In recent weeks, the Chehalis School Board has faced criticism on a pair of topics it has little control over: critical race theory and state-mandated language on inclusion for students, including those who identify as transgender.
We think it’s important to take a look back at some of the school district’s successes.
In June, for the second year in a row, 100% of the graduating class from the Chehalis School District were admitted to college or trade school.
Last fall, when COVID-19 restrictions were keeping students out of classrooms, parents across the country were calling for schools to reopen.
The Chehalis School District found a way to bring students back to class safely long before most others. By November, all Chehalis students were able to return to in-person learning. As late as last March, Chehalis was the largest school district in Western Washington allowing students to come to school.
Across the country, the ideology of critical race theory, which some school districts are beginning to teach, is tearing communities apart. Last month, the Chehalis School Board adopted a sensible and balanced equity statement.

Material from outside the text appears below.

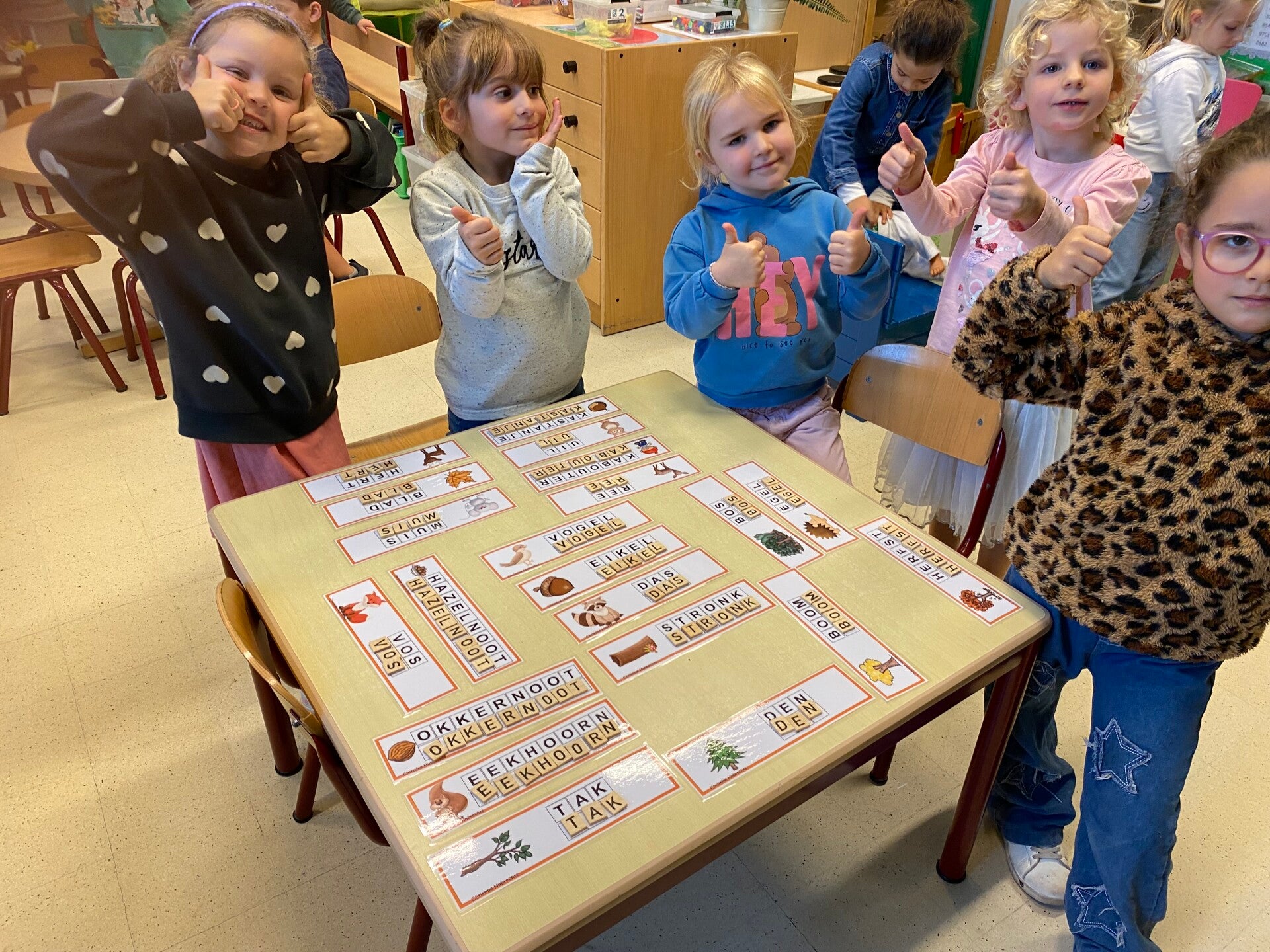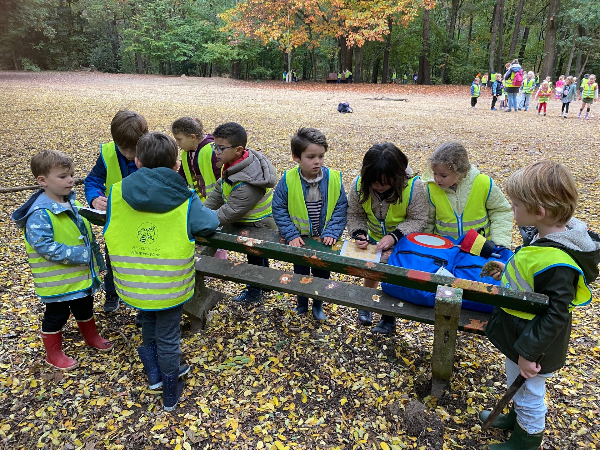 vriendjesopdrachten in het bos met klas 1 en klas 2

In the statement, the board restated that the central purpose of the school district is to give students the ability to think for themselves and prepare them for career and college and that the district is not and will not become a partisan or political organization.

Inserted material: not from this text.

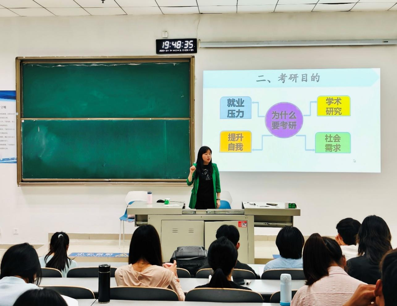 在读本科生举办“考研方法与技巧”专题辅导讲座。参加本次讲座的学生有刚入学不到一年的2024级大一新生,有正在思考是否考研的2023级大二学生,也有正在筑梦备考的2022级大三学生。
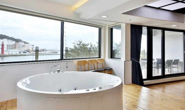 바다가 보이는 거실에는 4인용 실내 스파가 설치돼 있다. 실내에 설치돼 있어 계절과 상관없이 겨울철에도 따뜻하게 즐길 수 있다. 그뿐만이 아니라 바다가 바로 보이는 개별 테라스에는 야외 테이블과 대형 가스 그릴이 설치돼 있어서 바비큐 파티까지 즐길 수 있다. 체크인은 오후 3시부터 가능하고, 체크아웃은 오전 11시까지 마무리하면 된다.

The statement makes clear that the district will not be promoting the critical race theory ideology and it will not be part of the district’s curriculum while still allowing free discussion of controversial topics in the classroom.
Our community is fortunate to have many organizations making positive contributions to our children and our families.
One of these is the Chehalis School District.
However, in the last two months, this remarkably successful district has been under attack by local citizens frustrated with the state-mandated gender inclusion policy.
Citizens are directing their anger at the wrong place.
The Chehalis School District is required by law to join the other 260 districts in this state in adopting the gender inclusion policy.
If citizens are frustrated with this policy they should focus on changing minds of the elected officials in Olympia, the Legislature and the governor, and not the local Chehalis school district and board.